The Pet Parents® Guide to Dog Incontinence

Updated: January 16, 2024

Incontinence in dogs is one of the biggest dilemmas of pet parents. Incontinence can be urinary or fecal and usually occurs in senior dogs, but can happen at any age.

As pet parents ourselves, we know how hard this can be. That's why in this article, we've come up with a guide on urinary and fecal incontinence, the signs and symptoms, and ways you can manage it for a better quality of life for your dog.

Dog urinary incontinence and fecal incontinence

"Dog urinary incontinence is a condition where your dog pees involuntarily because they have a partial or complete loss of control of the bladder."
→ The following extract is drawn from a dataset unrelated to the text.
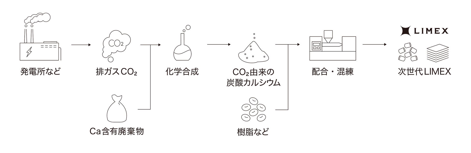 排出されるCO2を分離・回収し、多様な炭素化合物として再利用するカーボンリサイクル技術は、大気中へのCO2の排出を抑える重要な技術の1つとして、国内外で注目されています。次世代LIMEXは、石灰石を主原料とする従来のLIMEXで使用されていた鉱物由来の炭酸カルシウムを、排ガス由来の CO₂と、コンクリートスラッジや鉄鋼スラグなど工場から排出されるカルシウム含有廃棄物から、低環境負荷のプロセスで化学合成した炭酸カルシウムに置き換えることで、カーボンニュートラルへの貢献を推進する低炭素素材です。

What is urinary incontinence in dogs? Dog urinary incontinence is a condition where your dog pees involuntarily because they have a partial or complete loss of control of the bladder. And when your furbaby suffers from this, it just means that pee accidents can be everywhere!

Signs and Symptoms

The following are the most common symptoms of urinary incontinence in dogs:

  • Uncontrolled peeing, sudden leaks, free-flowing pee
  • Cloudy or bloody urine
  • An always wet bed and wet blanket
  • A number of wet spots in various areas of your house
  • The area between the hind legs are damp most of the times
  • Urine burn and rashes particularly in the area surrounding the private part
  • Constant licking of private area
  • Excessive drinking behaviors

Causes of Dog Urinary Incontinence

Dog urinary incontinence can be caused by many possible reasons, including:

Age. Some cases of urinary incontinence in dogs are caused by old age, also known as senior dog incontinence. Senior dogs are susceptible to developing urinary incontinence as bladder muscles tend to get weaker with age, losing some of their bodily functions. Senior dog incontinence is somewhat common as your furbaby reaches their golden years. On the other hand, urinary incontinence can be present in very young puppies, too. According to the Humane Society of the United States, full bladder control in pups takes time to develop and this may be the reason why your furbaby suddenly leaks. Additionally, some pups may also have birth defects that are causing dog incontinence.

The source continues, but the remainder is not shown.